▶ What is expected
Please retype all of the records below word for word, leaving out any pictures.

▶ Supplied material
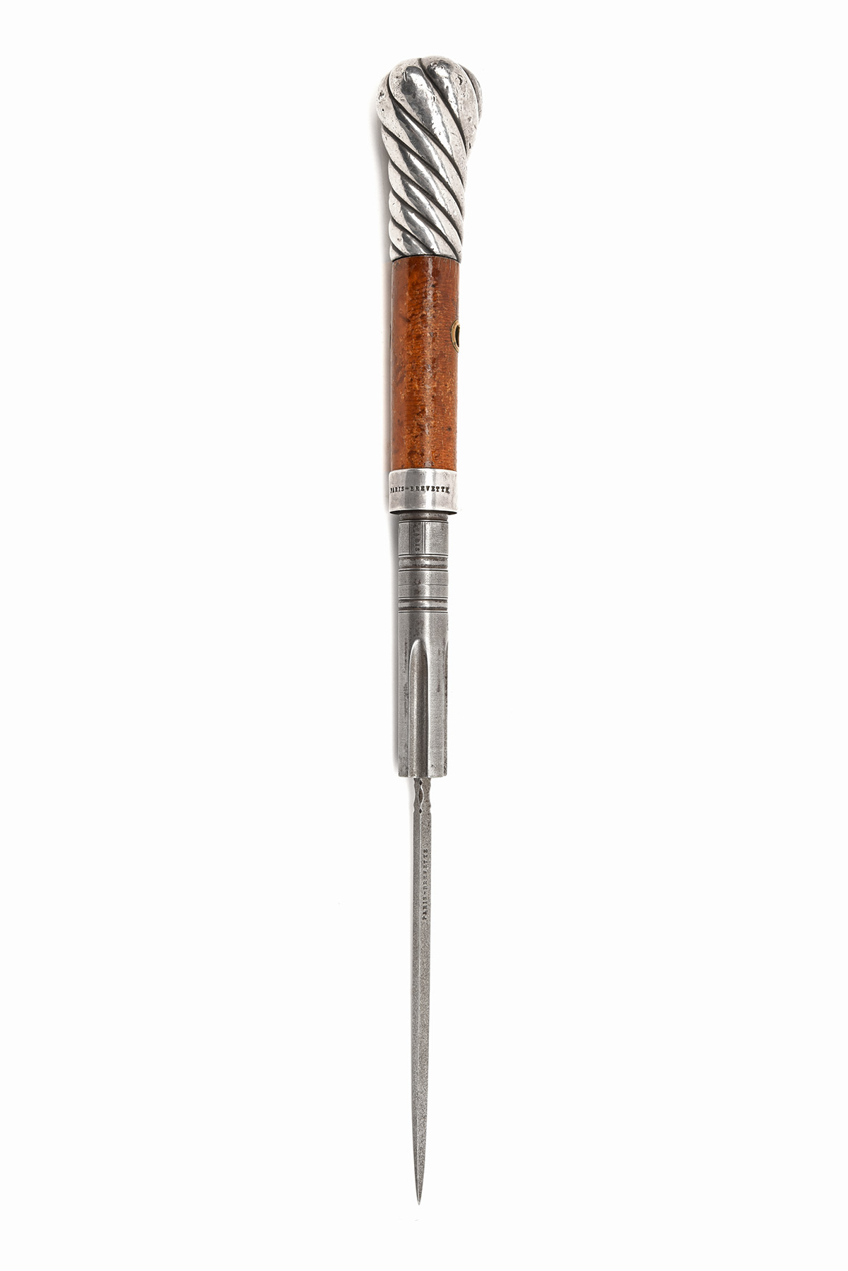 French, circa 1845, with fluted 2 1/2in. Liege-proved barrel-group, the front mounted with a square-section thrusting dagger with 5 1/2in. blade signed 'PARIS-BREVETTE', the barrel group pulling forwards against a spring revealing a small nipple and locking on a bar trigger, the body marked 'PARIS', cane-covered handle bored through with a lanyard aperture and fitted with white metal mounts, the front mount signed 'PARIS-BREVETTE' and with button trigger, the weighted pommel of twist design swelling at the top, the whole inserting into the cane shaft with brass tip
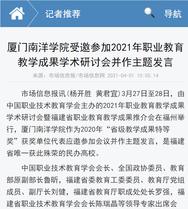 市场信息报讯(杨开胜 黄君宜)3月27日至28日,由中国职业技术教育学会主办的2021年职业教育教学成果学术研讨会暨福建省职业教育教学成果推介会在福州举行,厦门南洋学院作为2020年“省级教学成果特等奖”获奖单位代表应邀参加会议并作主题发言,是福建省唯一获此殊荣的民办高校。
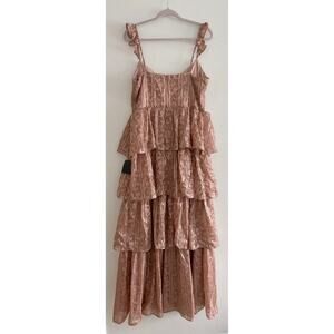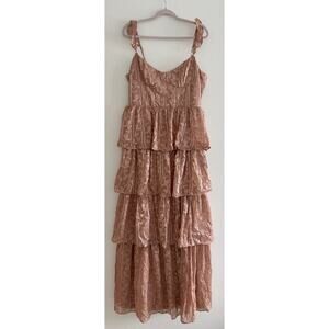 Lulus Dusty Pink Floral Bustier Tiered Side Slit Maxi Dress XL
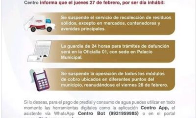 El Gobierno Municipal de Centro informó que el jueves 27 de febrero será considerado día inhábil en conmemoración del triunfo de las fuerzas liberales sobre los...
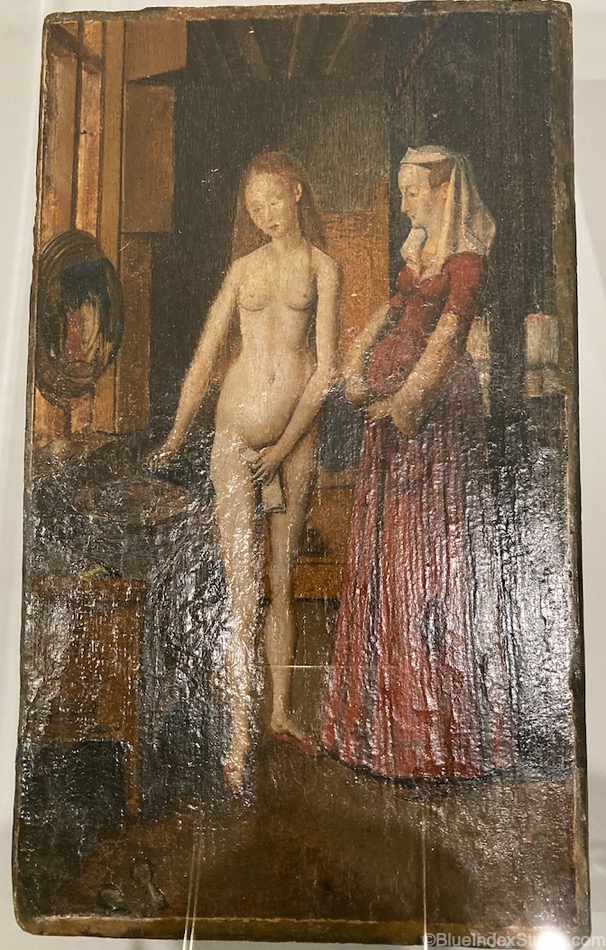 作品に添えられたキャプションをたどってみよう。 タイトルは《Woman at Her Toilet》。トイレットは用を足す場所のイメージが強いが、バスルーム、洗面所、化粧室を兼ね備えた身支度をする場所、または少し古い言い方では身支度そのものも意味する。今回の作品の場面の女性は裸なので水浴の場面だろう。 画家名は未確認。生没年の欄に「フランドル派 c. 1390-1441」と、ヤン・ファン・エイクの生没年代(といわれる)が記載され、制作年は16世紀初頭とある。そして、ヤン・ファン・エイクの時代に水浴の場面がよく描かれとのこと。作品はその時代の作品を元に、16世紀初頭にコピーされたものだそう。寓意や道徳的な意味あいで制作され、識者の見解としてバテシバやイヴ、ヴィーナスのほか、ルクスリアやヴァニタスなどが描かれた可能性が指摘されている。
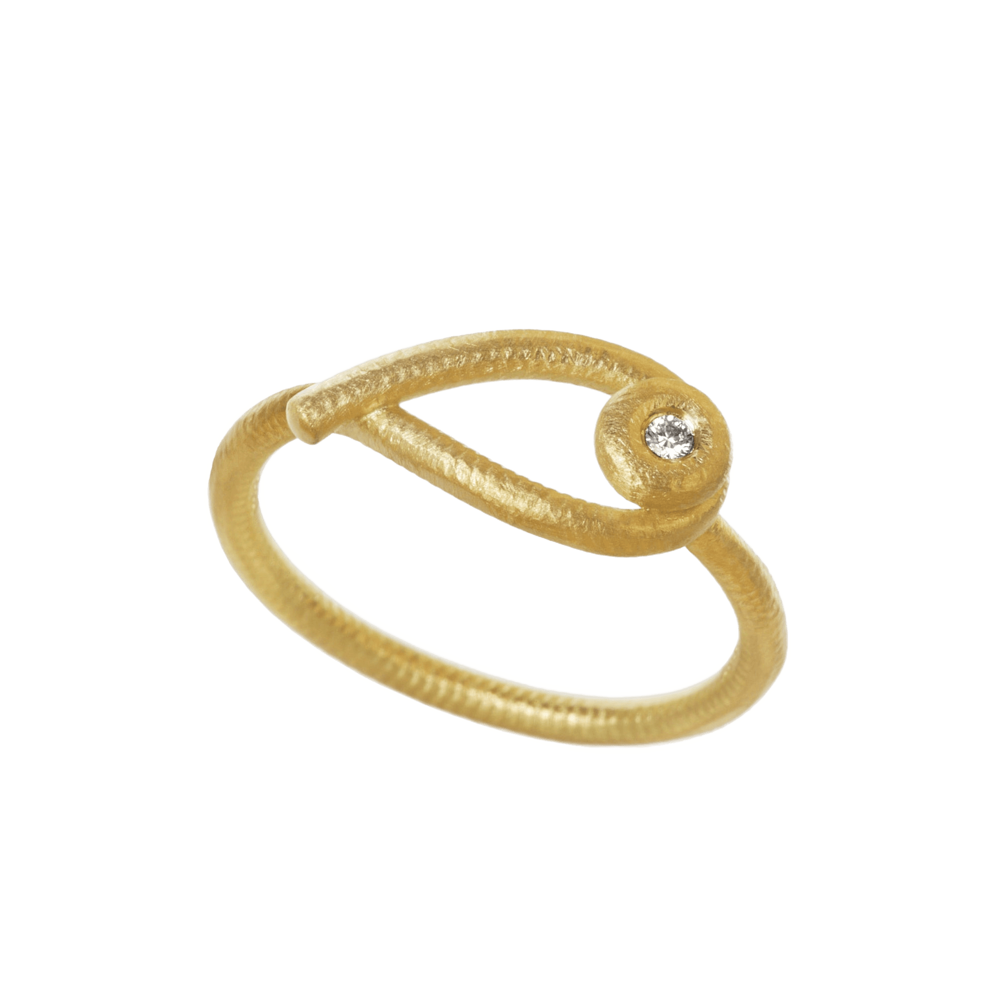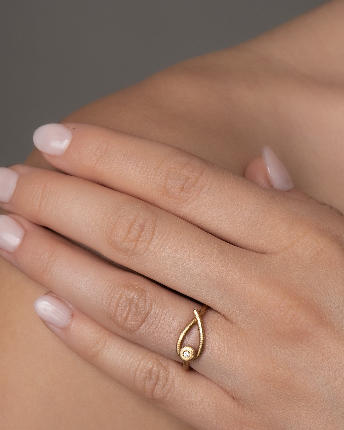 Kharisma ringen er skabt i et tidløst og glamourøst design. Den smukke kurve er ikonisk i sin enkelhed. Den håndfilede, riflede overflade og den smukke diamant leger med lyset, når du bevæger hænderne.
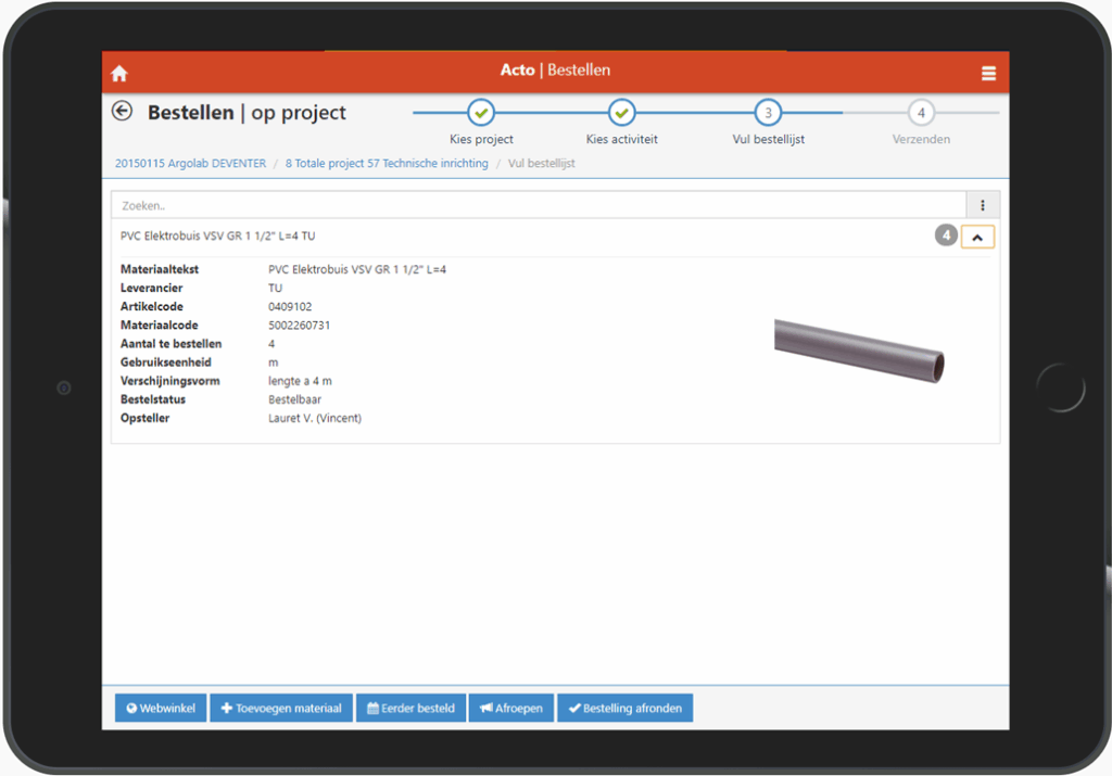 Moet je iets bestellen voor een specifieke werkorder? Dat kan snel en overzichtelijk met de Bestellen op Werkorders App. Je zoekt de juiste werkorder op, voegt het benodigde materiaal toe en stuurt de bestelling door. Alles wat je bestelt, wordt automatisch gekoppeld aan de juiste klus. Geen administratieve rompslomp meer achteraf.
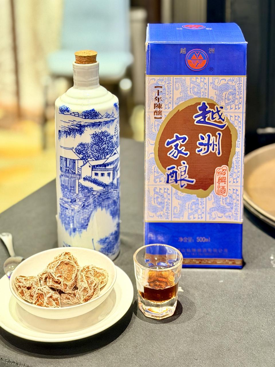 食大閘蟹怎少得紹興酒?這支「越洲家釀十年」以糯米、小麥、曲和鑑湖水手工釀製,屬黃酒,酒體醇厚香濃,經十年陳釀更顯甘醇,富含胺基酸與維生素,是紹興酒中的上品。
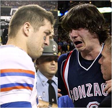 The only, and I mean ONLY, good thing to come out of this weekend’s football action was seeing Tebow get denied a shot at another National Championship. Of course, while many (including myself) don’t think he’s got much of a future in the NFL (other than maybe as a practice squad fullback), he does seem to show potential to become the next Rich Little, as that was an incredible impression he did of Adam Morrison after the game. Somebody please tell him THERE’S NO CRYING IN FOOTBALL!
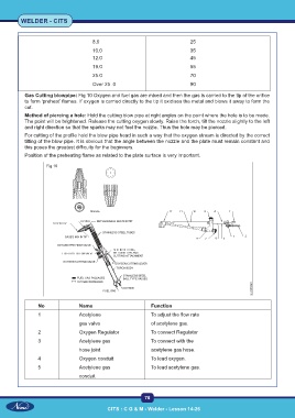 Method of piercing a hole: Hold the cutting blow pipe at right angles on the point where the hole is to be made.
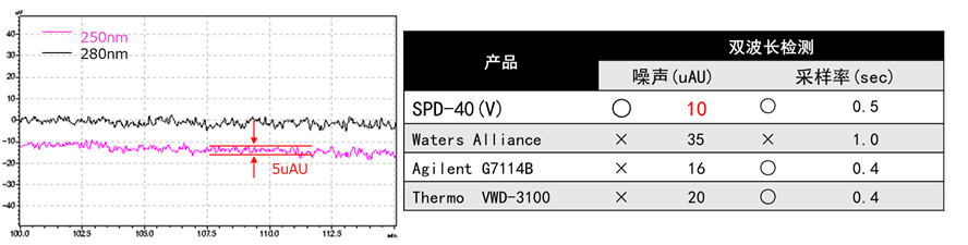 灵敏度与双波长检测模式考察:通过考察,可以发现即使是在双波长检测的模式下,SPD-40V也能做到采样周期短,同时实现整个行业最小的噪声值,如图所示:
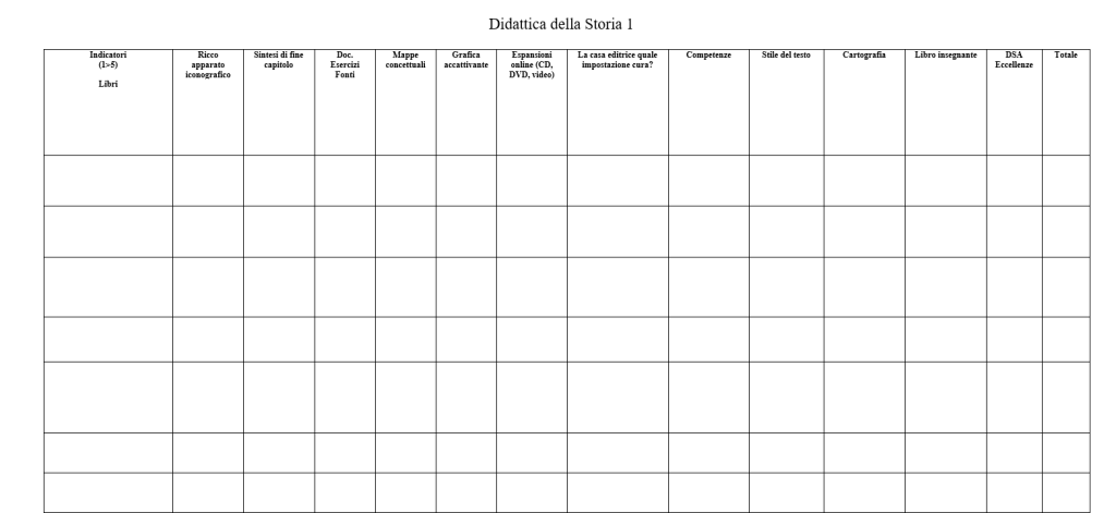Prima di tutto: ci sono dei criteri oggettivi per scegliere un libro di testo? A tal proposito ricordo ancora con piacere il laboratorio di Storia e Geografia del TFA I ciclo, che ho svolto nell’anno accademico 2012-2013: la bravissima docente che gestiva il corso ci diede una tabella con cui valutare un libro di testo e, nella scuola paritaria in cui insegnavo, provammo a condurre le riunioni di dipartimento di aprile per la scelta dei manuali basandoci su questi criteri. Per chi vuol curiosare, vi allego la tabella, su cui abbiamo lavorato durante il corso per giudicare diversi manuali di “geostoria” (mostro a due teste creato da Mariastella Gelmini); si trattava, all’atto pratico, di dare un voto da 1 a 5 (con sufficienza a 3) per i criteri individuati, tra i quali ricco apparato iconografico, sintesi di fine capitolo, documenti, esercizi, fonti, presenza di mappe concettuali e via dicendo. In linea teorica, il manuale presentato dai rappresentanti che avrebbe ottenuto il maggior numero di punti sarebbe stato adottato per il prossimo anno scolastico…

▶ Expected answer
 French, circa 1845, with fluted 2 1/2in. Liege-proved barrel-group, the front mounted with a square-section thrusting dagger with 5 1/2in. blade signed 'PARIS-BREVETTE', the barrel group pulling forwards against a spring revealing a small nipple and locking on a bar trigger, the body marked 'PARIS', cane-covered handle bored through with a lanyard aperture and fitted with white metal mounts, the front mount signed 'PARIS-BREVETTE' and with button trigger, the weighted pommel of twist design swelling at the top, the whole inserting into the cane shaft with brass tip
 市场信息报讯(杨开胜 黄君宜)3月27日至28日,由中国职业技术教育学会主办的2021年职业教育教学成果学术研讨会暨福建省职业教育教学成果推介会在福州举行,厦门南洋学院作为2020年“省级教学成果特等奖”获奖单位代表应邀参加会议并作主题发言,是福建省唯一获此殊荣的民办高校。
 Lulus Dusty Pink Floral Bustier Tiered Side Slit Maxi Dress XL
 El Gobierno Municipal de Centro informó que el jueves 27 de febrero será considerado día inhábil en conmemoración del triunfo de las fuerzas liberales sobre los...
 作品に添えられたキャプションをたどってみよう。 タイトルは《Woman at Her Toilet》。トイレットは用を足す場所のイメージが強いが、バスルーム、洗面所、化粧室を兼ね備えた身支度をする場所、または少し古い言い方では身支度そのものも意味する。今回の作品の場面の女性は裸なので水浴の場面だろう。 画家名は未確認。生没年の欄に「フランドル派 c. 1390-1441」と、ヤン・ファン・エイクの生没年代(といわれる)が記載され、制作年は16世紀初頭とある。そして、ヤン・ファン・エイクの時代に水浴の場面がよく描かれとのこと。作品はその時代の作品を元に、16世紀初頭にコピーされたものだそう。寓意や道徳的な意味あいで制作され、識者の見解としてバテシバやイヴ、ヴィーナスのほか、ルクスリアやヴァニタスなどが描かれた可能性が指摘されている。
 Kharisma ringen er skabt i et tidløst og glamourøst design. Den smukke kurve er ikonisk i sin enkelhed. Den håndfilede, riflede overflade og den smukke diamant leger med lyset, når du bevæger hænderne.
 Moet je iets bestellen voor een specifieke werkorder? Dat kan snel en overzichtelijk met de Bestellen op Werkorders App. Je zoekt de juiste werkorder op, voegt het benodigde materiaal toe en stuurt de bestelling door. Alles wat je bestelt, wordt automatisch gekoppeld aan de juiste klus. Geen administratieve rompslomp meer achteraf.
 食大閘蟹怎少得紹興酒?這支「越洲家釀十年」以糯米、小麥、曲和鑑湖水手工釀製,屬黃酒,酒體醇厚香濃,經十年陳釀更顯甘醇,富含胺基酸與維生素,是紹興酒中的上品。
 The only, and I mean ONLY, good thing to come out of this weekend’s football action was seeing Tebow get denied a shot at another National Championship. Of course, while many (including myself) don’t think he’s got much of a future in the NFL (other than maybe as a practice squad fullback), he does seem to show potential to become the next Rich Little, as that was an incredible impression he did of Adam Morrison after the game. Somebody please tell him THERE’S NO CRYING IN FOOTBALL!
 Method of piercing a hole: Hold the cutting blow pipe at right angles on the point where the hole is to be made.
 灵敏度与双波长检测模式考察:通过考察,可以发现即使是在双波长检测的模式下,SPD-40V也能做到采样周期短,同时实现整个行业最小的噪声值,如图所示:
Prima di tutto: ci sono dei criteri oggettivi per scegliere un libro di testo? A tal proposito ricordo ancora con piacere il laboratorio di Storia e Geografia del TFA I ciclo, che ho svolto nell’anno accademico 2012-2013: la bravissima docente che gestiva il corso ci diede una tabella con cui valutare un libro di testo e, nella scuola paritaria in cui insegnavo, provammo a condurre le riunioni di dipartimento di aprile per la scelta dei manuali basandoci su questi criteri. Per chi vuol curiosare, vi allego la tabella, su cui abbiamo lavorato durante il corso per giudicare diversi manuali di “geostoria” (mostro a due teste creato da Mariastella Gelmini); si trattava, all’atto pratico, di dare un voto da 1 a 5 (con sufficienza a 3) per i criteri individuati, tra i quali ricco apparato iconografico, sintesi di fine capitolo, documenti, esercizi, fonti, presenza di mappe concettuali e via dicendo. In linea teorica, il manuale presentato dai rappresentanti che avrebbe ottenuto il maggior numero di punti sarebbe stato adottato per il prossimo anno scolastico…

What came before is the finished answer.